Hence $\frac{3GM^2}{5R}=energy\space supplied$ substitute values and we get answer $2.241\times 10^{32}$

Hi , how about you use this . 2.241\cdot 10^{32} to get $2.241\cdot 10^{32}$ ?

It'll look better :)

A Former Brilliant Member - 6 years, 3 months ago

Thanks!!Done.

Gautam Sharma - 6 years, 3 months ago

You are welcome :)

A Former Brilliant Member - 6 years, 3 months ago

This avoids confusion between decimal and multiplication:

$2.24\times10^{32}$

Nishant Sharma - 6 years, 3 months ago

Yeah, I thińk that. Your idea is even better .

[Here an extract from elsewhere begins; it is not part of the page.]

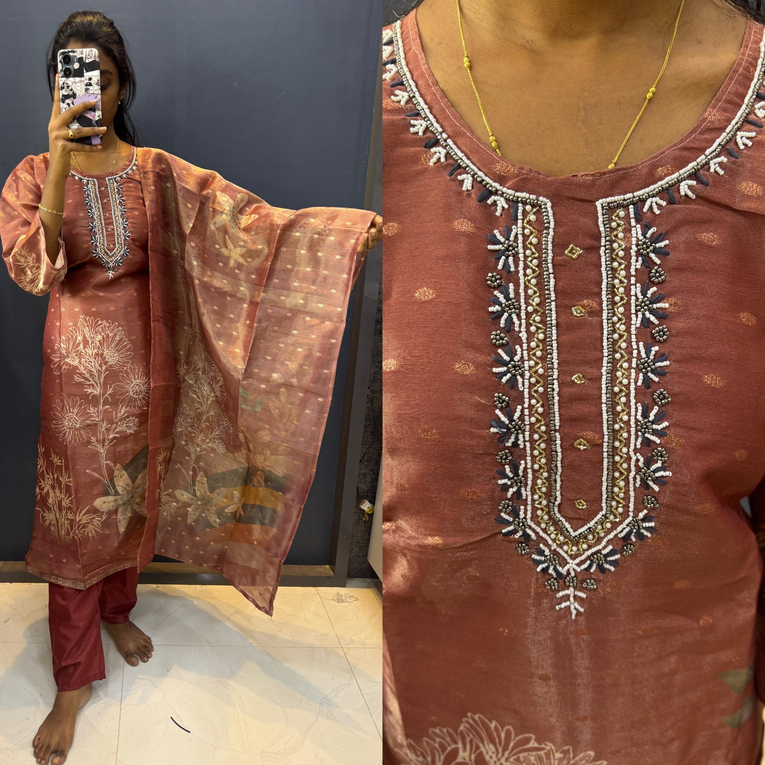 - The Brick Gold Tissue Shimmer Kurta Set is designed to redefine sophistication while ensuring maximum comfort for any occasion. Crafted with precision, this ensemble captures the essence of luxury and timeless beauty. Perfect for festive gatherings, weddings, or formal events, this kurta set combines shimmering textures with a contemporary silhouette that suits all age groups and complements diverse style preferences.

It's just that I am more in the habit of using cdot instead of times , so you see :)

@GAUTAM SHARMA

A Former Brilliant Member - 6 years, 3 months ago

seems good to me .

Gautam Sharma - 6 years, 3 months ago

But, Shouldn't we also take Earth's translational and rotational kinetic energies into consideration????

A Former Brilliant Member - 6 years, 3 months ago

but who knows earths rotational and translational kinetic energy,they are dependent on frame of reference.Then we can say universe is expanding and hence it will be irrelevant to consider kinetic energy here and secondly as frame of reference is not given and as well as not the angular and translational speeds we shall not consider it.

Pls ask if any doubts . your question was good .i didn't give it a thought in that way( may be because of jee pattern preparation ->"if you are not given a certain thing you shall not consider it")

Note : self GPE is independent of reference frame.

Gautam Sharma - 6 years, 3 months ago

No..i do get about the GPE!! But, see...if you even consider the expansion of space, and that too at the speeds at 90% the speed of light. Will the blasted remains ever have zero potential energy???

A Former Brilliant Member - 6 years, 3 months ago

@A Former Brilliant Member – Yeah! that is the point that's why i will not consider KE. there is uncertainity. what KE would you take?